The story follows a young boy named Nailer.  Nailer works with a crew of "ship breakers."  Basically, everyone ran out of oil, the city of New Orleans was flooded time and time again, hurricanes come all the time now (the poles have melted), and all the boats and tankers of the previous age are laid to waste along the gulf shore.  Nailer's and other crews break the old oil ships down for their parts.  It's a rough life.  There's not much to eat and Nailer is beginning to worry about what he'll do once he becomes to big to be on "light" crew.  On top of all this, his father is a druggie and drunk who abuses Nailer and causes problems all the time.  It's business as usual until after a storm (a city killer) Nailer and his friend and coworker Pima discover a majestic clipper ship washed up on their shore.  Nailer's seen the beautiful, sleek ships in magazines and from a distance...he's dreamt about what life must be like for the rich people on those boats.  As he and Pima check out the damage they discover one survivor, a girl.  They have to decide between helping this girl or just stripping the ship of everything - including her life.  They could be rich...they could have a better life....but can they just leave her there?

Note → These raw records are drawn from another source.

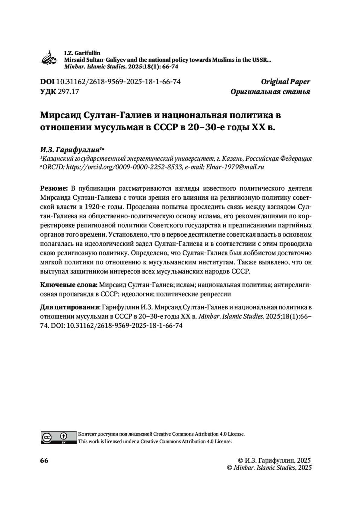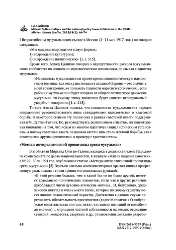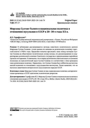 В публикации рассматриваются взгляды известного политического деятеля Мирсаида Султан-Галиева с точки зрения его влияния на религиозную политику советской власти в 1920-е годы. Проделана попытка проследить связь между взглядом Султан-Галиева на общественно-политическую основу ислама, его рекомендациями по корректировке религиозной политики Советского государства и предписаниями партийных органов того времени. Установлено, что в первое десятилетие советская власть в основном полагалась на идеологический задел Султан-Галиева и в соответствии с этим проводила свою религиозную политику. Определено, что Султан-Галиев был лоббистом достаточно мягкой политики по отношению к мусульманским институтам. Также выявлено, что он выступал защитником интересов всех мусульманских народов СССР.
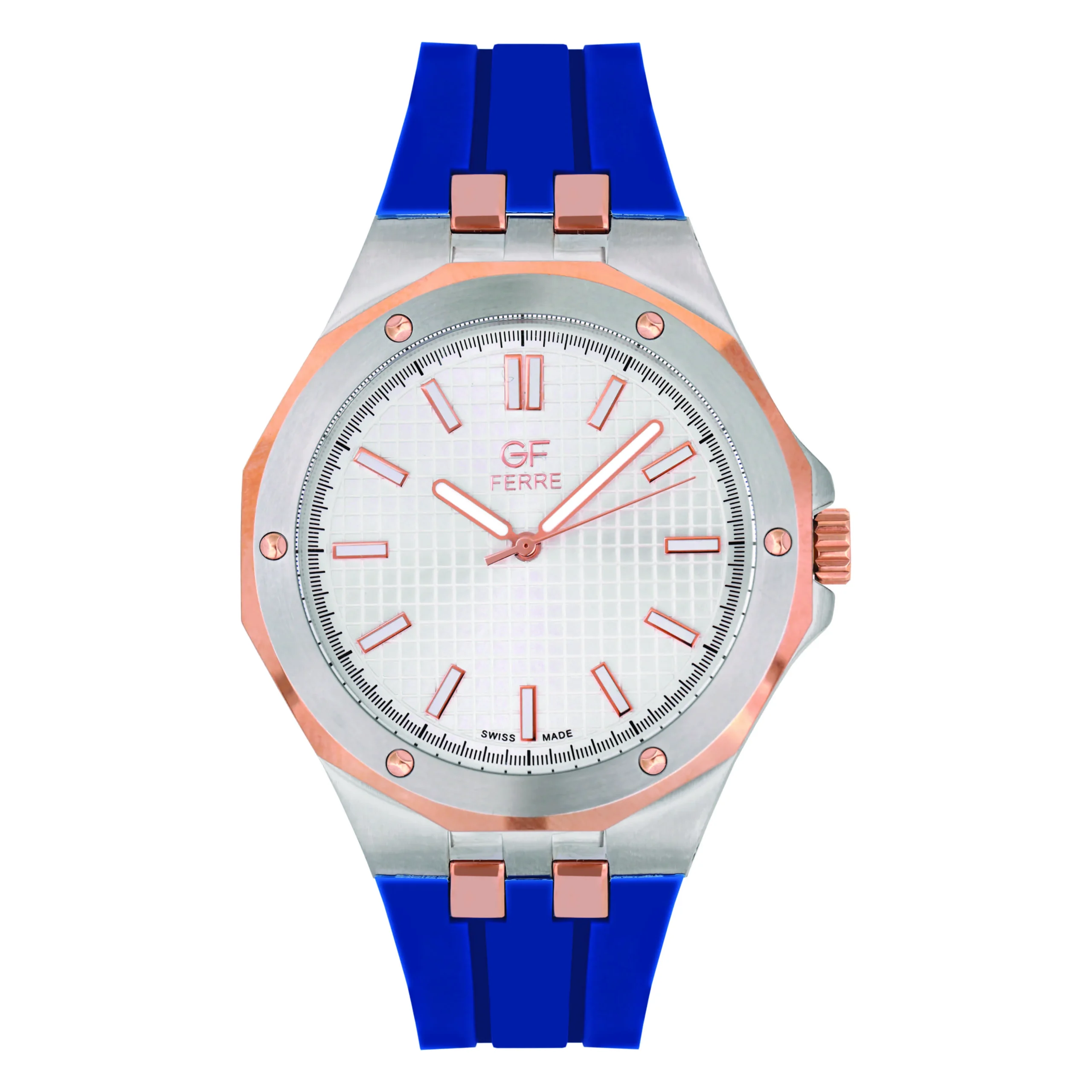 GF Ferre- Gents- TTRG Case- Silver Dial- Blue Rubber Strap
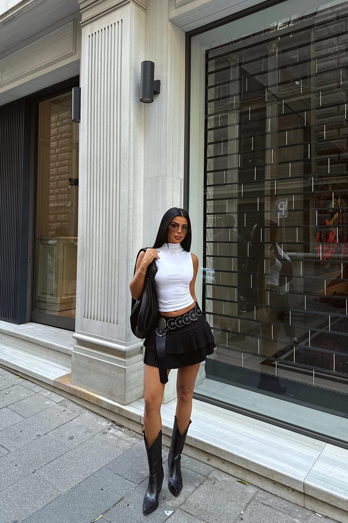 Black Pleated Mini Skirt Size S is used in the image. Made of double fabric. Length 30 cm, Waist 40 cm Model Measurements Height: 160 Weight: 50 Chest: 80 Waist: 62 Hip: 94
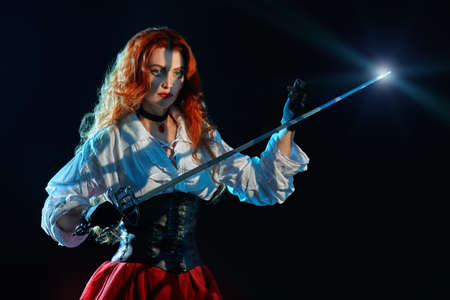 Portrait of a beautiful red-haired girl with a glittering battle epee (rapier) in light and shadow on a black background. Historical reconstruction of the 16-17th centuries.
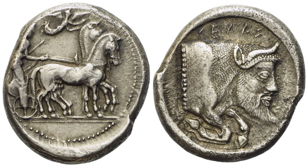 Charioteer, holding kentron in left hand and reins in right, driving quadriga right; above, Nike flying right, crowning horses with open wreath held in both hands; Rv. Forepart of bearded man-headed bull (river god) right; ΓEΛAΣ above; all within shallow incuse circle. Jenkins, Gela, Group II, 172; HGC 2, 338; SNG ANS 38. Refined style. Near extremely fine / extremely fine.

The rest of the book follows their decisions and the consequence of those decisions.  The book was fast paced and didn't drag at all.  Once they discover the girl, it all races by.  It also paints a picture of what our world might look like if we don't take care of it.  As they travel inland at one point in the book to New Orleans and Orleans II, Nita asks about what happened.  Nailer responds,
"Stupid," Nailer muttered..."They were damn stupid." Tool shrugged.  "No one expected Category Six hurricanes.  They didn't have city killers then.  The climate changed.  The weather shifted.  They did not anticipate well." 
Nailer wondered at that idea.  That no one could have understood that they would be the target of monthly hurricanes pinballing up the Mississippi Alley, gunning for anything that didn't have sense to batten down, float, or go underground.
It's a creepy view of the gulf in the future.  In addition, though, this is a story about family and how you make it.  Nailer's dad is a bad man, but that doesn't mean that Nailer will become that way or has to.  Family and home are where you make them.  Nailer learns a lot about this as he fights for a friend's life.  A good read.